«Un bel business, ma esentasse»

Gianandrea Zagato

«È la più grande industria del divertimento milanese, esentasse naturalmente». Valutazione siglata da Carlo Fidanza, capogruppo comunale di An, che invita i milanesi a prendere esempio dai leoncavallini «per aprire un pub, un baretto o una discoteca».
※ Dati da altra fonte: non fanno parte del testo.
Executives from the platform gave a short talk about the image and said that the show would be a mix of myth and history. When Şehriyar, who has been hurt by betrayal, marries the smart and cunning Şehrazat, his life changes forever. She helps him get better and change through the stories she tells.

Provocazione che nasce da un dato di fatto: al civico 7 di via Watteau transitano ogni anno più di 250mila persone, che nei 14mila metri quadrati dell’ex stamperia occupata dagli autonomi, pagano quello che consumano - bevande, cibo o libri - in euro e senza «mai ricevere uno straccio di scontrino fiscale» annota Roberto Alboni, capogruppo regionale di An. Come dire: per i leoncavallini la Finanziaria del Governo Prodi - quella che impone «agli esercizi commerciali e alle imprese di pagare tasse e contributi» - è solo «carta straccia». Eppure, denunciano gli esponenti di An, il Leoncavallo è un business che dura da quattordici anni: «Troppi e senza mai nessun controllo da parte della Guardia di Finanza». Già, c’è una «mensa popolare» che 365 giorni all’anno sforna pasti senza ricevuta fiscale. E lo stesso vale al baretto, dove una birra piccola costa 3,50 euro e 5 una grande.
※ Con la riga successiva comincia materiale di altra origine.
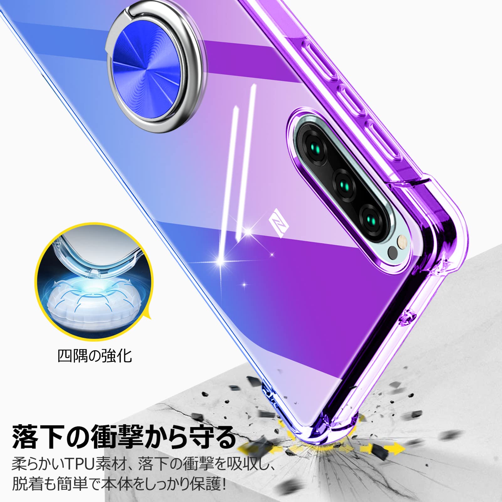 【在庫処分】【Tgaoleyd】AQUOS zero6 ケース クリア リング付き 耐衝撃 グラデーション色 シリコン 軽量 薄型 スタンド機能 衝撃吸収 米軍MIL規格 tpu ソフト レンズ保護 滑り止め 黄ばみ防止 指紋防止 車載スタンド対応 SHG04 ケース 透明 耐久 一体型スマホケース 人気 おしゃれ 携帯カバー 青 D69-58

Fotografia «arrogante e paradossale» annota An ma pure la Lega: «Evidente che il Leonka voglia esistere solo e soltanto nella forma abusiva, illegale e esentasse che conosciamo dal 1979, da quando stavano in via Casoretto e ai milanesi offrivano sabati di guerriglia nelle strade del centro». Anche allora come oggi senza mai pagare il conto.